For the rest of the Lamb-dip measurements, another NICE-OHMS spectrometer was deployed, which was actually designed to probe a very weak (A = 1.3 × 10⁻⁷ s⁻¹ and S = 1.6 × 10⁻²⁷ cm molecule⁻¹) quadrupole line of H₂ under saturation³². The main features of the latter setup are as follows: (i) temperature control in the optical cavity, down to the mK level, avoiding background noise caused by residual amplitude modulation in the measured signal, (ii) efficient vibration isolation, ensuring high stability and accuracy during long-term averaging of multiple scans, and (iii) greatly improved sensitivity, characterized by a finesse of 350 000, a maximum intracavity laser power up to 10 kW, a beam waist of 542 μm, and a mirror reflectivity of R > 0.999 99. This advanced setup proved to be sensitive enough to yield a minimum uncertainty of 1.9 kHz for the detected lines and record an extremely weak (A = 1.7 × 10⁻² s⁻¹ and S = 4.9 × 10⁻²⁸ cm molecule⁻¹) transition for H₂¹⁶O.
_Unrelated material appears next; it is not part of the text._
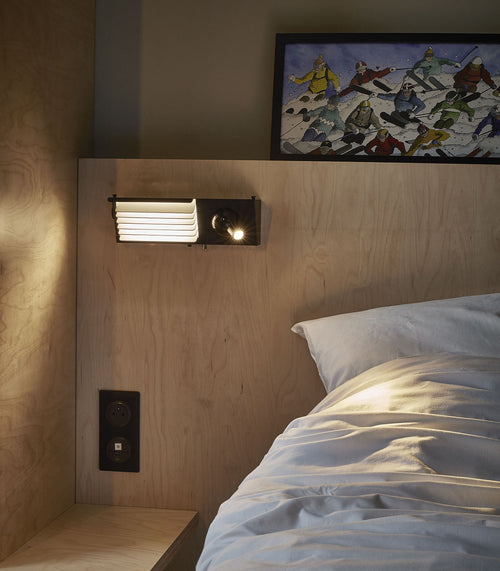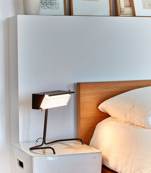 A rigorous elegance. A dimmer and two gelatins, to regulate the intensity and warmth of the light; adjustable feet, to adapt to the floors.

The uncertainties of the line positions reported in this study are affected by numerous experimental factors arising mostly from homogeneous broadening processes⁵². To determine the 1σ uncertainty of an observed frequency, δ, the following uncertainty budget is applied:

$$\delta =\sqrt{{\delta }_{{{{{{{{\rm{stat}}}}}}}}}^{2}+{\delta }_{{{{{{{{\rm{day}}}}}}}}}^{2}+{\delta }_{{{{{{{{\rm{pow}}}}}}}}}^{2}+{\delta }_{{{{{{{{\rm{pres}}}}}}}}}^{2}},$$

(6)

whereby δ_stat, δ_day, δ_pow, and \({\delta }_{{{{{{{{\rm{pres}}}}}}}}}\) are the statistical, day-to-day, power-shift, and pressure-shift uncertainties, respectively. These individual uncertainty terms are also listed in Supplementary Data 1 for all lines detected during the present study.